Classical Syriac Wikipedia
- Website type: Internet encyclopedia project
- Available in: Classical Syriac
- Owner: Wikimedia Foundation
- Website: arc.wikipedia.org
- Commercial: No
- Registration: Optional
- Launched: July 2004; 22 years ago
- Content license: Creative Commons Attribution/ Share-Alike 4.0 (most text also dual-licensed under GFDL) Media licensing varies

= Classical Syriac Wikipedia =

Classical Syriac-language edition of Wikipedia

The Classical Syriac Wikipedia (ܘܝܩܝܦܕܝܐ ܠܫܢܐ ܣܘܪܝܝܐ), also known as the Aramaic Wikipedia (ܘܝܩܝܦܕܝܐ ܠܫܢܐ ܐܪܡܝܐ), is an edition of Wikipedia in Classical Syriac. It was officially created in July 2004.

As of 21 August 2026, the Classical Syriac edition of Wikipedia contains 1,920 articles and has 24,117 contributors, including 23 active contributors and 2 administrators.

==History==
The Classical Syriac Wikipedia was officially launched in 2004, although it would not be until 2005 before a second article was published on the site.
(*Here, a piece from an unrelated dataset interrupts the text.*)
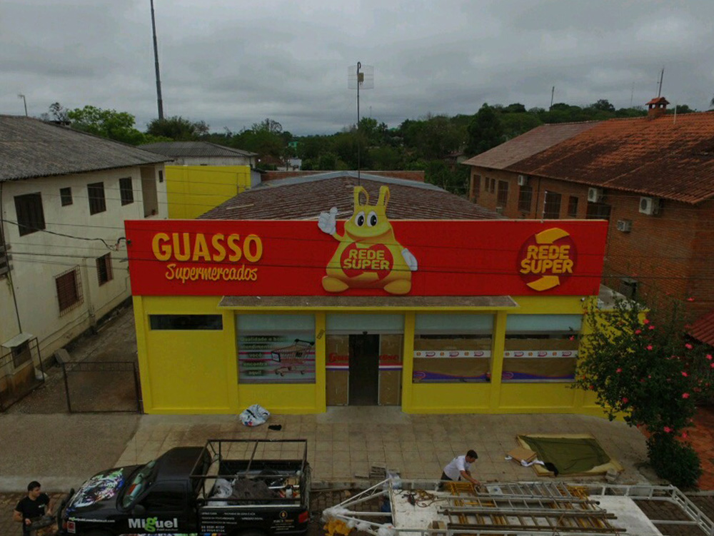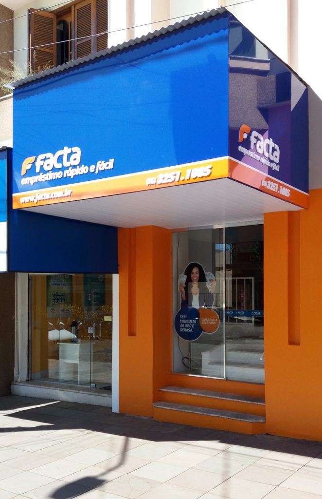 Produzimos fachadas corporativas padronizadas, respeitando padrões cromáticos, tipográficos e institucionais

The Wikipedia was originally launched under the name of the Aramaic Wikipedia.

In 2010, it was decided to change the Wikipedia from being named the Aramaic Wikipedia to the Classical Syriac Wikipedia. This change was made in order to encompass a unifying language that all modern speakers of Neo-Aramaic dialects could understand and read. Although this change was officially decided on, the Wikipedia has yet to change its ISO 639-2 code from arc to syr.

==Statistics==
The Classical Syriac Wikipedia is currently ranked 278th out of 348 active Wikipedia's, in terms of number of articles, as of 2026. On 21 October 2009, the Wikipedia achieved 1,000 total articles, and it was noted that the Wikipedia was increasing by an average of 63 articles per year. The Wikipedia is currently 7th out of 9 different Semitic language-Wikipedias, leading over the Tigrinya language, which itself leads over Tigre. The Classical Syriac Wikipedia accounts for a little over 0.05% of all Semitic language articles on Wikipedia.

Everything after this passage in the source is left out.